> [What needs to be done]
Output the whole listing exactly, with no pictures.

> [Data extract]
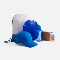 картон; бутылка, тарелка - пластик; бейсболка - хлопок 100%, плотность 260 г/м²; рюкзак - полиэстер 100%, 210d
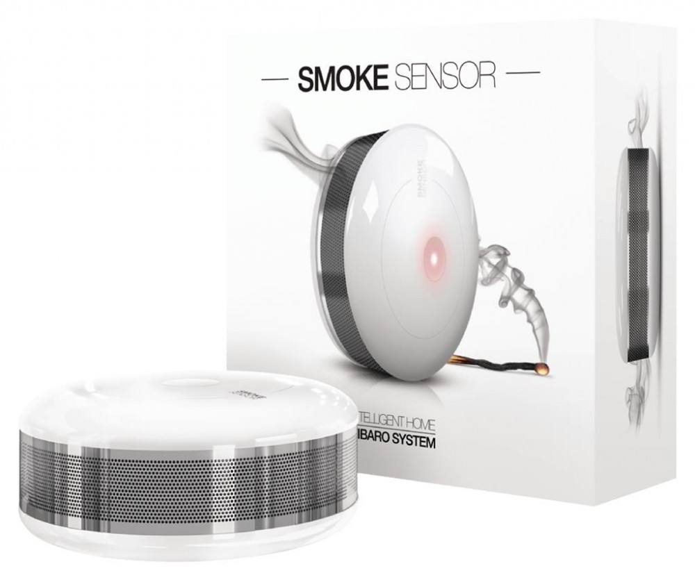 A FIBARO Smoke Sensor egy ultra könnyű, univerzális, elemes, optikai füstérzékelő, mely a Z-Wave Plus szabványok szerint működik. Felszerelhető falra vagy mennyezetre (min. 40 cm-re a saroktól). A füst jelzése a beépített sziréna megszólalásával, a LED villogásával, valamint a Z-Wave hálózati eszközöknek küldött parancsokkal történik.
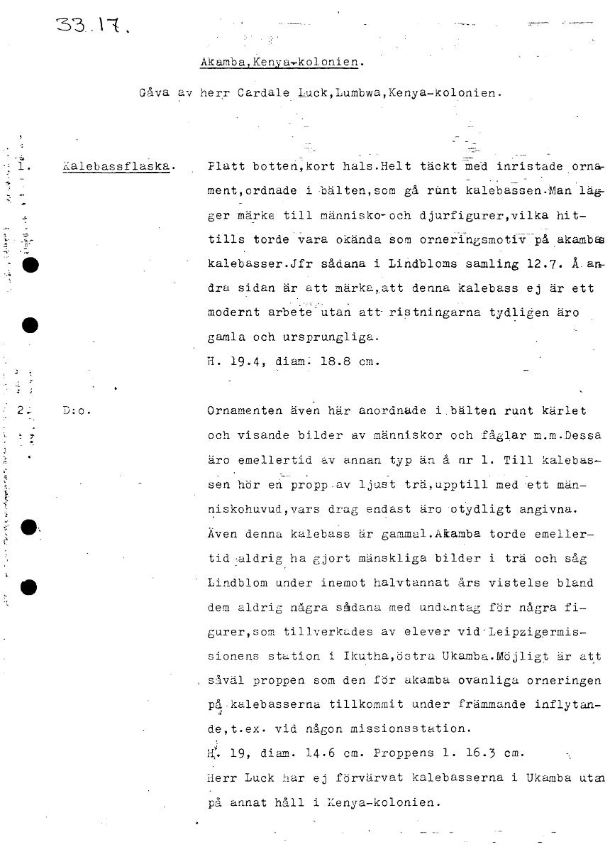 33 .11 Akamba,Kenya,kolonien. Gåva av herr Cardale Luck,Lumbwa,Kenya-kolonien. KalebassflaSka. Platt botten,kort hals.Helt täckt. med inristade orna- ment, ordnade i bälten, som gå runt kalebassen.Man...

> [Solution to the exercise]
 картон; бутылка, тарелка - пластик; бейсболка - хлопок 100%, плотность 260 г/м²; рюкзак - полиэстер 100%, 210d
 A FIBARO Smoke Sensor egy ultra könnyű, univerzális, elemes, optikai füstérzékelő, mely a Z-Wave Plus szabványok szerint működik. Felszerelhető falra vagy mennyezetre (min. 40 cm-re a saroktól). A füst jelzése a beépített sziréna megszólalásával, a LED villogásával, valamint a Z-Wave hálózati eszközöknek küldött parancsokkal történik.
 33 .11 Akamba,Kenya,kolonien. Gåva av herr Cardale Luck,Lumbwa,Kenya-kolonien. KalebassflaSka. Platt botten,kort hals.Helt täckt. med inristade orna- ment, ordnade i bälten, som gå runt kalebassen.Man...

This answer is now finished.